- **Task**
Below are records with pictures. Transcribe exactly, and only, the lines from the line with "When the whistle" to the line with "Un completo fresco", both ends included, but not the pictures.

- **Given records**
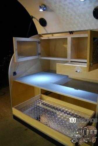 Первый жилой прицеп обладает компактными габаритами и обтекаемой формой. Все это облачено в оцинкованный корпус. Внутри все сделано из древесины, как и каркас. Если заострить внимание на интерьере, то он без излишеств. Кровать двуспальная, а сразу над ногами раскинулись небольшие ящики для хранения вещей и всякого-рода мелочевки.
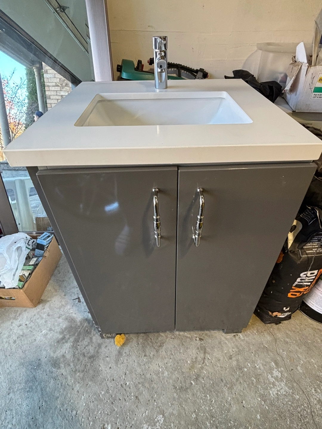 Grey vanity with white countertop. Includes sink and faucet. Two doors with silver handles. The left side of the vanity cabinet is unfinished, as it’s intended to be mounted against a wall on the left. WxDxH inches = 26x25x36
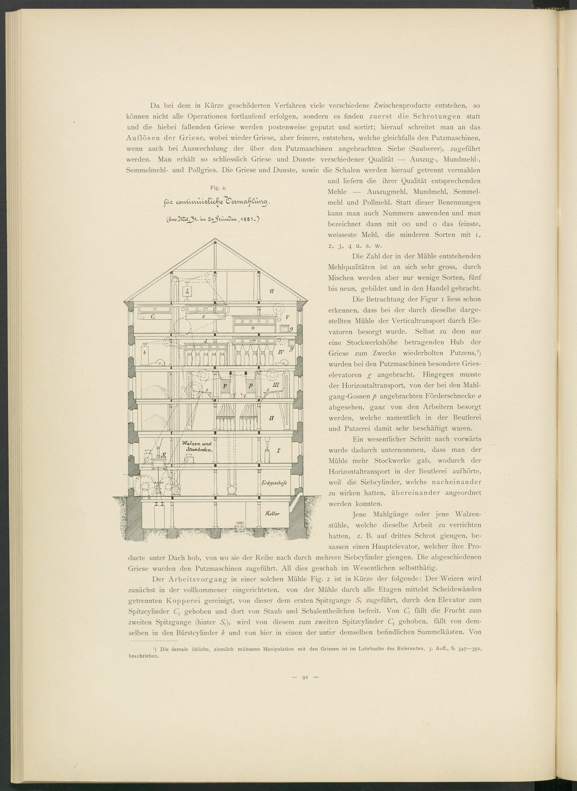 Der Arbeitsvorgang in einer solchen Mühle Fig. 2 ist in Kürze der folgende: Der Weizen wird zunächst in der vollkommener eingerichteten, von der Mühle durch alle Etagen mittelst Scheidewänden getrennten Kopperei gereinigt, von dieser dem ersten Spitzgange zugeführt, durch den Elevator zum Spitzcylinder C t gehoben und dort von Staub und Schalentheilchen befreit. Von Cj fällt die Frucht zum zweiten Spitzgange (hinter V,), wird von diesem zum zweiten Spitzcylinder C 2 gehoben, fällt von demselben in den Bürstcylinder b und von hier in einen der unter demselben befindlichen Sammelkästen. Von
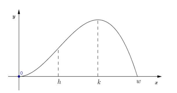 Nella figura a lato è disegnato il grafico \(\Gamma\) di \(g(x) = \int_{0}^{x}f(t)\,dt\) con f funzione definita sull’ intervallo \([0, w]\) e ivi continua e derivabile. \(\Gamma\) è tangente all’ asse x nell’origine O del sistema di riferimento e presenta un flesso e un massimo rispettivamente per x=h e x=k.
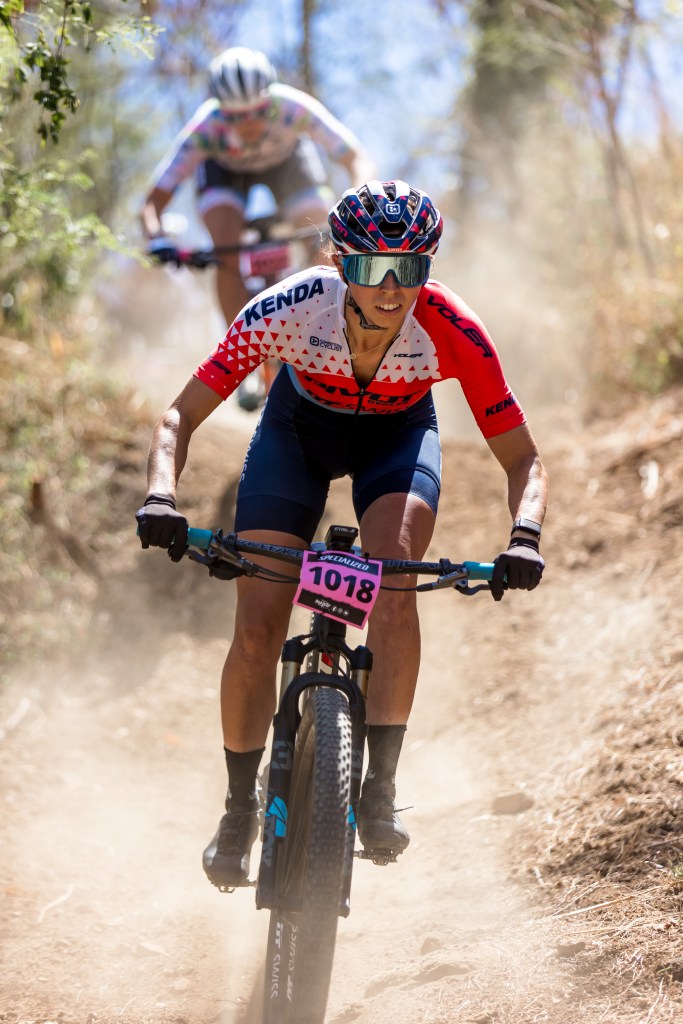 When the whistle blew, we accelerated off of the line. This time, I missed my pedal but was able to put in an extra dig right before the single track. I entered the first big climb leading the race and feeling like I was setting a solid, but maintainable pace. As we came toward the end of the lap, Gwen and I had once again gapped the field and I was feeling strong.
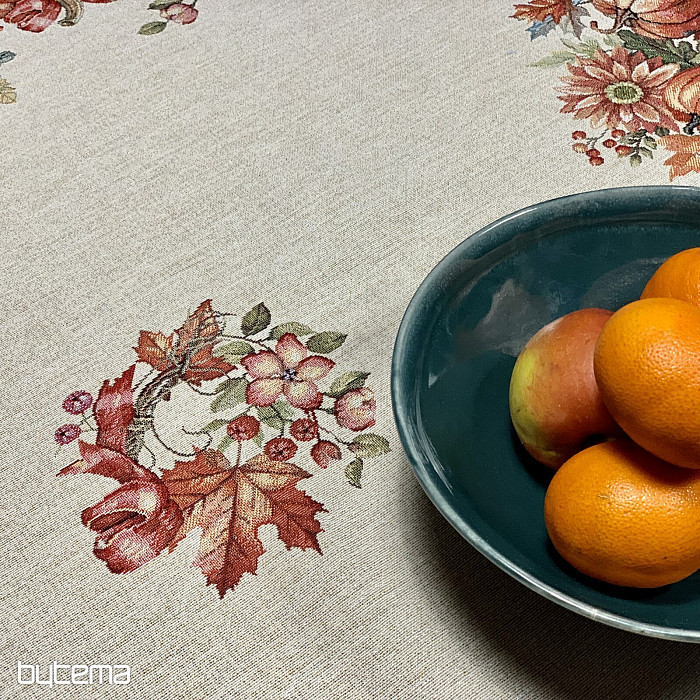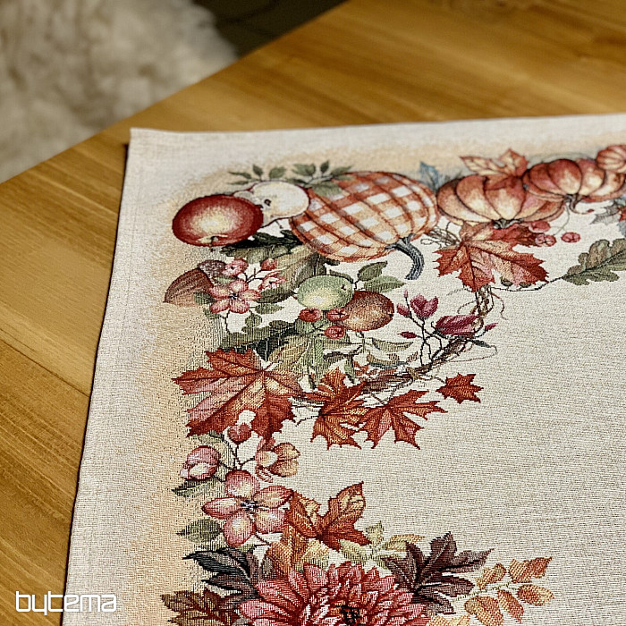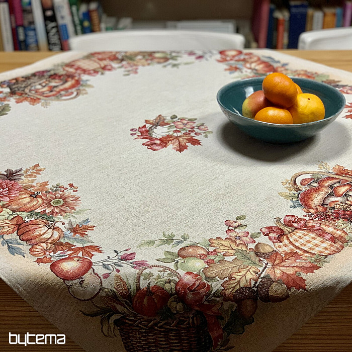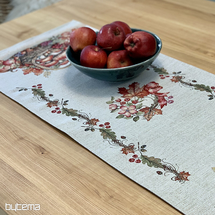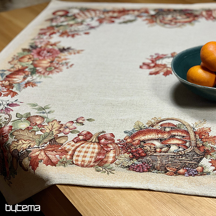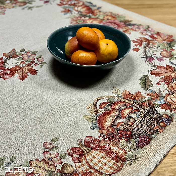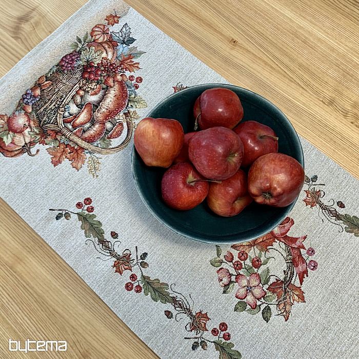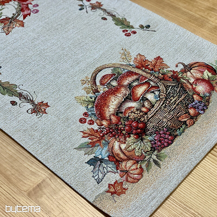 Une nappe et un foulard en tapisserie à motifs de fruits et de champignons créeront une ambiance agréable.
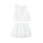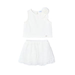 Un completo fresco e ricercato firmato Mayoral, pensato per accompagnare la tua bimba nelle giornate estive con stile e leggerezza. Il top con fiore applicato sulla spalla si abbina perfettamente alla gonnellina ballon in coordinato, per un look elegante e delicato, perfetto per occasioni speciali e momenti di festa.
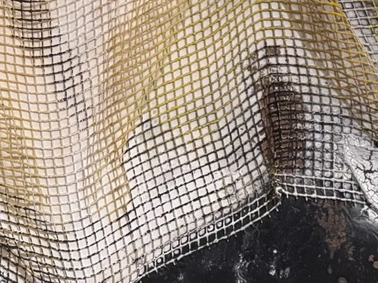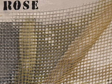 Abstrakte Komposition und Collage mit unterschiedlichsten Strukturen, welche räumlich auf der Leinwand angeordnet wurden. Das Netz definiert die Richtung und das Ebenenspiel, in dem es sowohl satt auf der Leinwand aufliegt, als auch dreidimensional absteht und für einen entsprechenden Schattenwurf sorgt. Das industrialisierte Design wird durch rosa Blumen aufgebrochen.
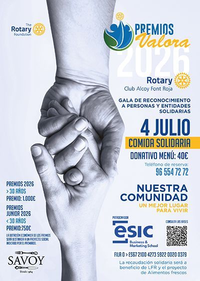 El Rotary Club Alcoi Font Roja i ESIC Business & Marketing School han signat un conveni de col·laboració per a reforçar l’edició 2026 dels Premis Valora, un reconeixement anual que distingix iniciatives vinculades a valors ètics, socials, culturals i empresarials.
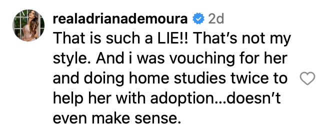 “That is such a Lie!! That’s not my style and I was vouching for her and doing home studies twice to help her with adoption,” wrote Adriana on a post from the AllAboutTRH podcast. “Doesn’t even make sense.”
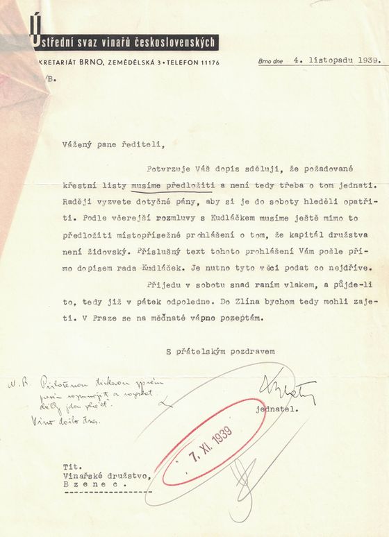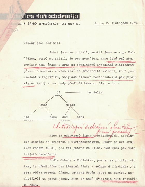 U tamního úřadu jsme podali žádost o potvrzení, že naše vinařské družstvo má být považováno za „árijský podnik“.
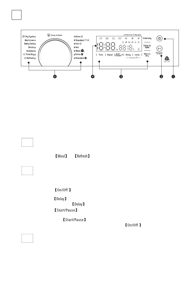 Press the button to start or pause the drying

- **Result for this exercise**
 When the whistle blew, we accelerated off of the line. This time, I missed my pedal but was able to put in an extra dig right before the single track. I entered the first big climb leading the race and feeling like I was setting a solid, but maintainable pace. As we came toward the end of the lap, Gwen and I had once again gapped the field and I was feeling strong.
 Une nappe et un foulard en tapisserie à motifs de fruits et de champignons créeront une ambiance agréable.
 Un completo fresco e ricercato firmato Mayoral, pensato per accompagnare la tua bimba nelle giornate estive con stile e leggerezza. Il top con fiore applicato sulla spalla si abbina perfettamente alla gonnellina ballon in coordinato, per un look elegante e delicato, perfetto per occasioni speciali e momenti di festa.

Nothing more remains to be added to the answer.